SUPPLIED ENTRIES:
****************

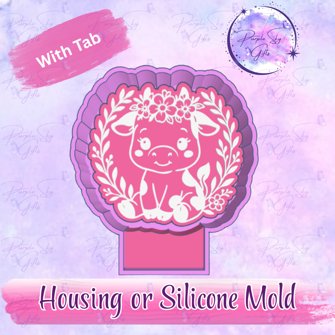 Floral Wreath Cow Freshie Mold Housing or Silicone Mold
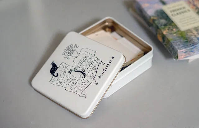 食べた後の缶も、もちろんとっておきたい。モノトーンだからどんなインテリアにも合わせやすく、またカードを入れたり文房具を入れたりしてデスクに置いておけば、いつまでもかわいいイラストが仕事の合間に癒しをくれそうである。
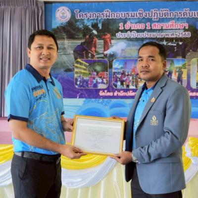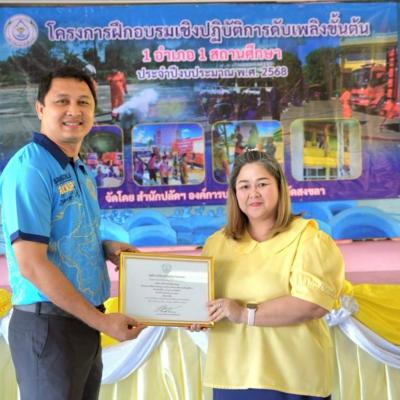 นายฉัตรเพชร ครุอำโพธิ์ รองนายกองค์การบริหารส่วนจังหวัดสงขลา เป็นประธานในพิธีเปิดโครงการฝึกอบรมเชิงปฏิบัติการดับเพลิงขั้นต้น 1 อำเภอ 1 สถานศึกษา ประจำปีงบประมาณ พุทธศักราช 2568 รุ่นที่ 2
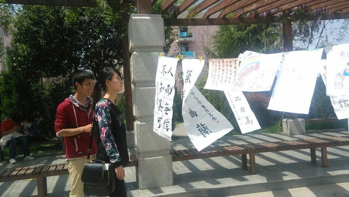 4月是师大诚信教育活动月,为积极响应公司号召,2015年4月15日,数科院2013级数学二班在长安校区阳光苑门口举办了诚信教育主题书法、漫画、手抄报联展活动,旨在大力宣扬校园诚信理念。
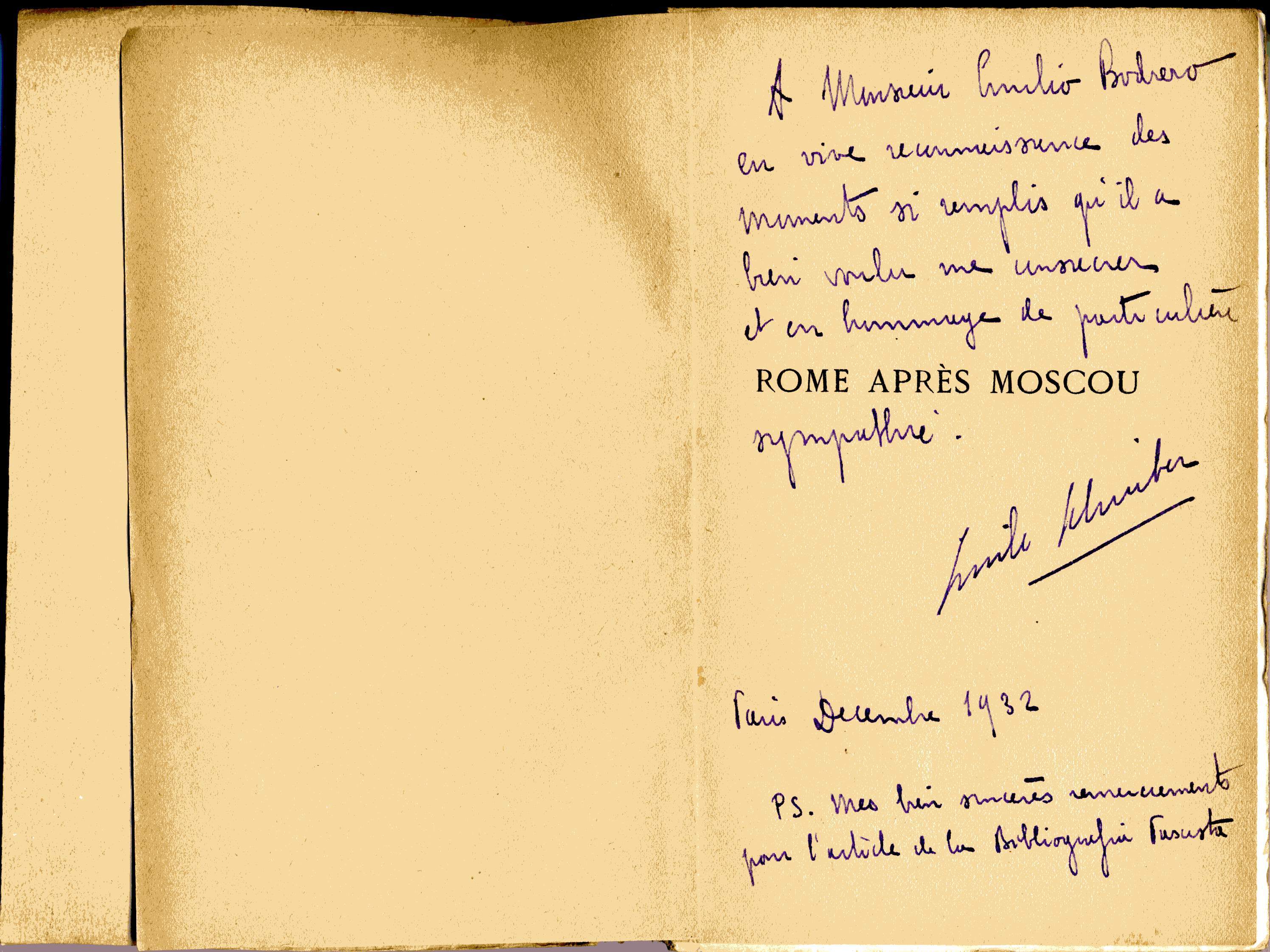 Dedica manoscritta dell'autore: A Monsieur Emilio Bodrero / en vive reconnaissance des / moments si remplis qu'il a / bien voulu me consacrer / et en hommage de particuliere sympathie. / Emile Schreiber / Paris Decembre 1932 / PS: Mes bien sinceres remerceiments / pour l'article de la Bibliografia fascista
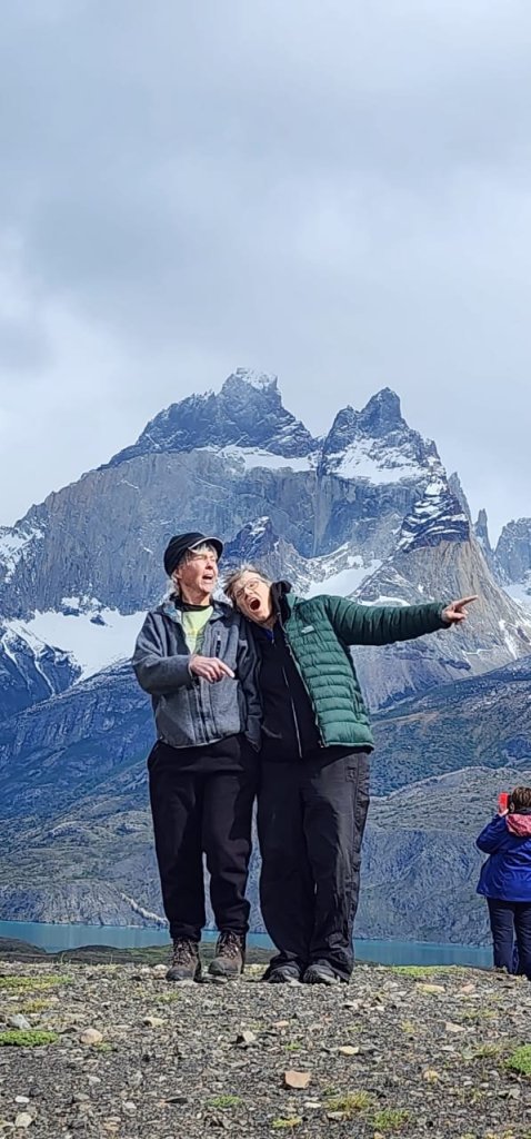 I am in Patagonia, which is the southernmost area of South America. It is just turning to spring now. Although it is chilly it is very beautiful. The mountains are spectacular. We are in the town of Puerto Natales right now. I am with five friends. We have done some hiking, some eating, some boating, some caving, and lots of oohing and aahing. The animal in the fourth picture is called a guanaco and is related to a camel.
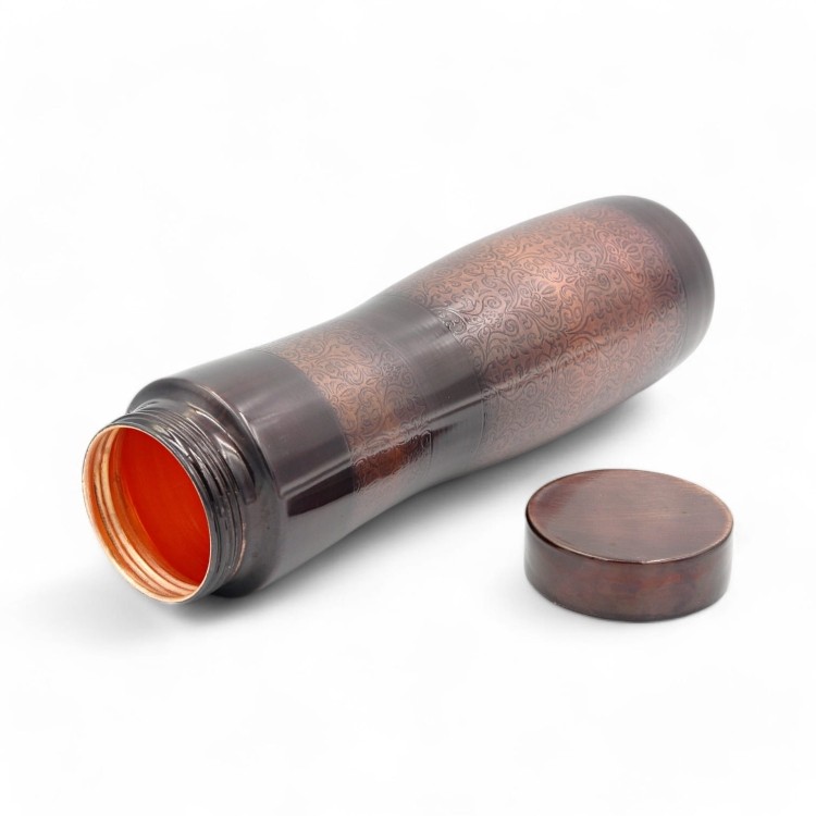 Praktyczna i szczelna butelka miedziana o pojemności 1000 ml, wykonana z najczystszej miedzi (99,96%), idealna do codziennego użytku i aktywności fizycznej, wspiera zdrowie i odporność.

****************

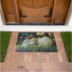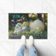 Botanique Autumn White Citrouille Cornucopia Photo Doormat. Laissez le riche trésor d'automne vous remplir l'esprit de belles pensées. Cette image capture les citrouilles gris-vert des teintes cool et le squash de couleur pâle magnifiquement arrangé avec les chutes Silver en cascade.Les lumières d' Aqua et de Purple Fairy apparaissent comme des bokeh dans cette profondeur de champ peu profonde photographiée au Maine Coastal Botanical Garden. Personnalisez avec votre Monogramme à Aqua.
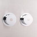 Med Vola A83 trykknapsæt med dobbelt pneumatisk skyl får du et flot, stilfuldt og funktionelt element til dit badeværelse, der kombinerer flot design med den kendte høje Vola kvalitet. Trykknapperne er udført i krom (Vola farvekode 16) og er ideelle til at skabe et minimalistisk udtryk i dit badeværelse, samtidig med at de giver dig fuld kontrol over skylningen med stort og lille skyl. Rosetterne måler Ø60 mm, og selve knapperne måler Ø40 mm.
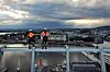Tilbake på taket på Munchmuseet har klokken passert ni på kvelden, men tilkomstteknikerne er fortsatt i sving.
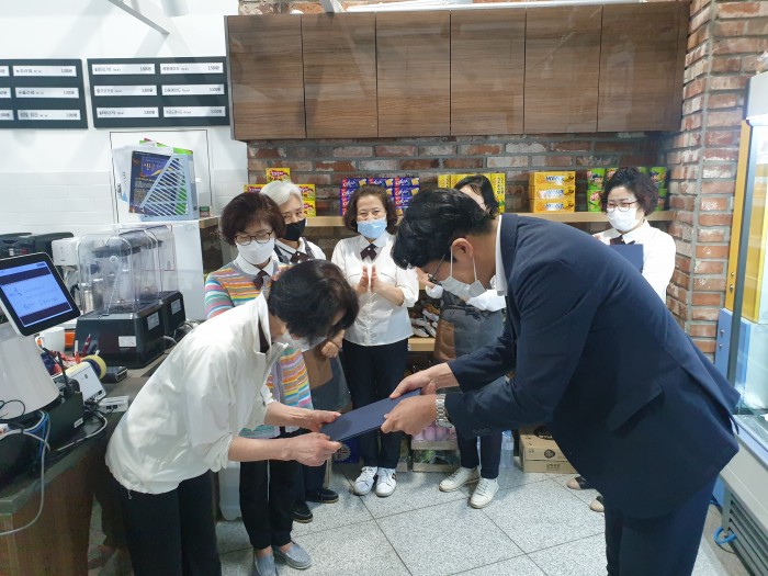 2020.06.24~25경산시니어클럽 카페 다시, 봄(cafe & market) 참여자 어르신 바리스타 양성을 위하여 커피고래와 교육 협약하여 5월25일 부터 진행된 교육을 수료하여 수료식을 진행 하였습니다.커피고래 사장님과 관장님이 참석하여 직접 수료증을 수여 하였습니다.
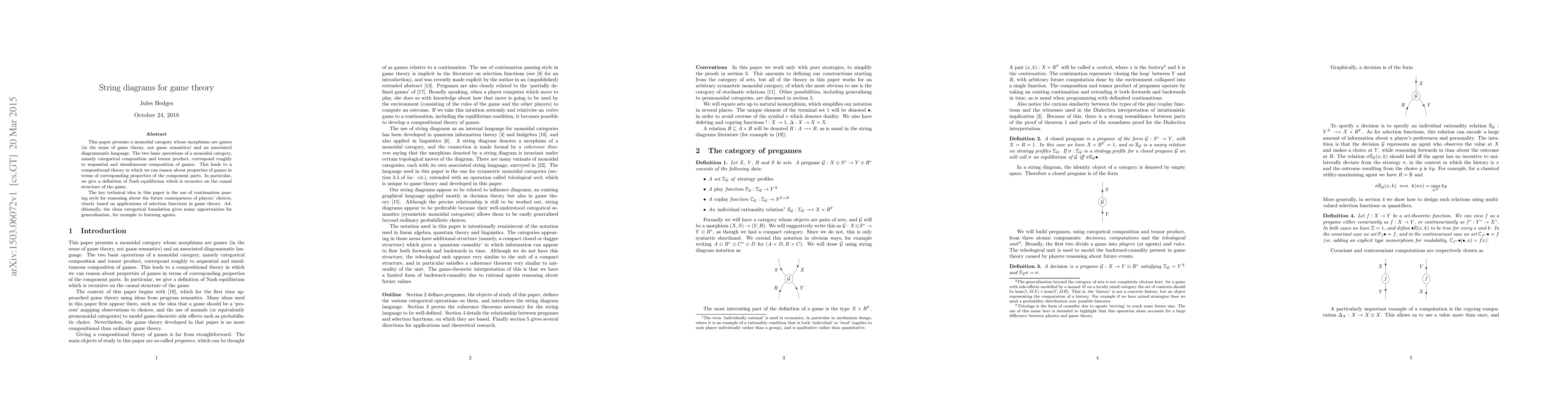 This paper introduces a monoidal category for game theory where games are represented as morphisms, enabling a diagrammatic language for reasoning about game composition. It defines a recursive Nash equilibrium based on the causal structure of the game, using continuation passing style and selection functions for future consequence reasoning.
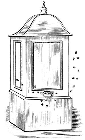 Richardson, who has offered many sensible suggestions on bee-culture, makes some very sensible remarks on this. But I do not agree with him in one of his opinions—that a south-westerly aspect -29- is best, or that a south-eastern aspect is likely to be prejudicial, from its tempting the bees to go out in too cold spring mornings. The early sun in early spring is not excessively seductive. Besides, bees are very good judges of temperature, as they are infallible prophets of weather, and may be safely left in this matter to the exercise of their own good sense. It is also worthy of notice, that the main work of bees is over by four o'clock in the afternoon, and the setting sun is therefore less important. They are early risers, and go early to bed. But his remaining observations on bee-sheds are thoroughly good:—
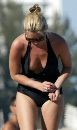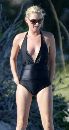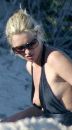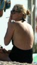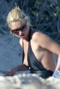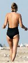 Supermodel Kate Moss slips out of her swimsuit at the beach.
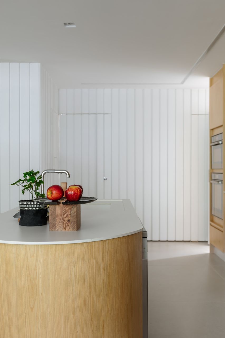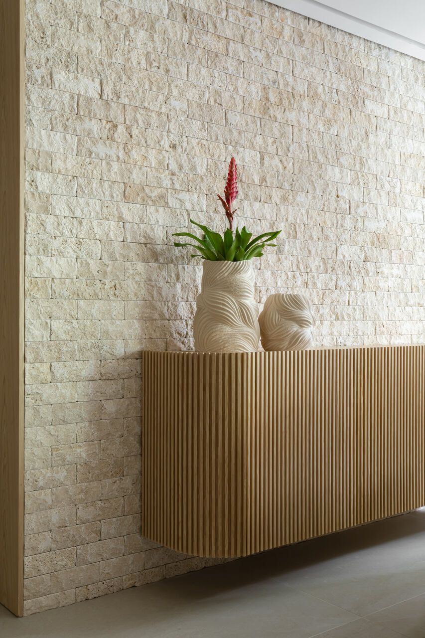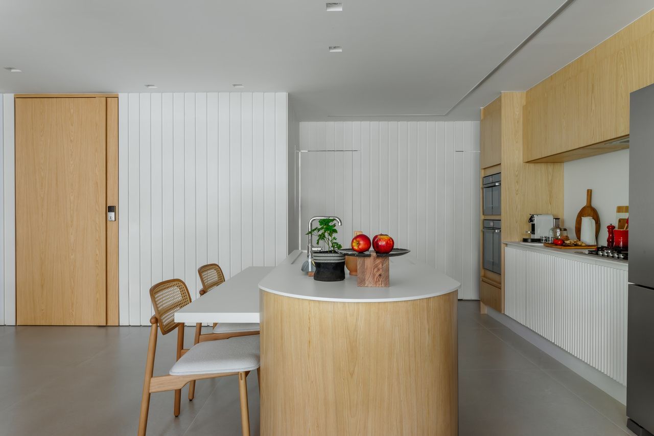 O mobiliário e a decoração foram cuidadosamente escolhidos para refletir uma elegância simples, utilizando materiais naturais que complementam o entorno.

****************

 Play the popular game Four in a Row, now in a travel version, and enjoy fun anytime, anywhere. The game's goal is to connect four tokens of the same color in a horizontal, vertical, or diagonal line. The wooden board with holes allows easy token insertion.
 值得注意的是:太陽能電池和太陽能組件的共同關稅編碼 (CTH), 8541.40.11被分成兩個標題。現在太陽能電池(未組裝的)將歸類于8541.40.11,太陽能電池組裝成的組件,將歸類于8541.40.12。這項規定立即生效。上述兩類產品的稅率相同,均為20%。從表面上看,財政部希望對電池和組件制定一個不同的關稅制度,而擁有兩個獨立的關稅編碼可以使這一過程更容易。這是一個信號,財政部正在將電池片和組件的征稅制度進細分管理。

****************

EXERCISE DETAILS:
Your answer should be the exact lines above from the one containing "4月是师大诚信教育活动月,为" through the one containing "Dedica manoscritta dell'autore: A", with both end lines kept and the pictures removed, please.

RESPONSE BOX:
 4月是师大诚信教育活动月,为积极响应公司号召,2015年4月15日,数科院2013级数学二班在长安校区阳光苑门口举办了诚信教育主题书法、漫画、手抄报联展活动,旨在大力宣扬校园诚信理念。
 Dedica manoscritta dell'autore: A Monsieur Emilio Bodrero / en vive reconnaissance des / moments si remplis qu'il a / bien voulu me consacrer / et en hommage de particuliere sympathie. / Emile Schreiber / Paris Decembre 1932 / PS: Mes bien sinceres remerceiments / pour l'article de la Bibliografia fascista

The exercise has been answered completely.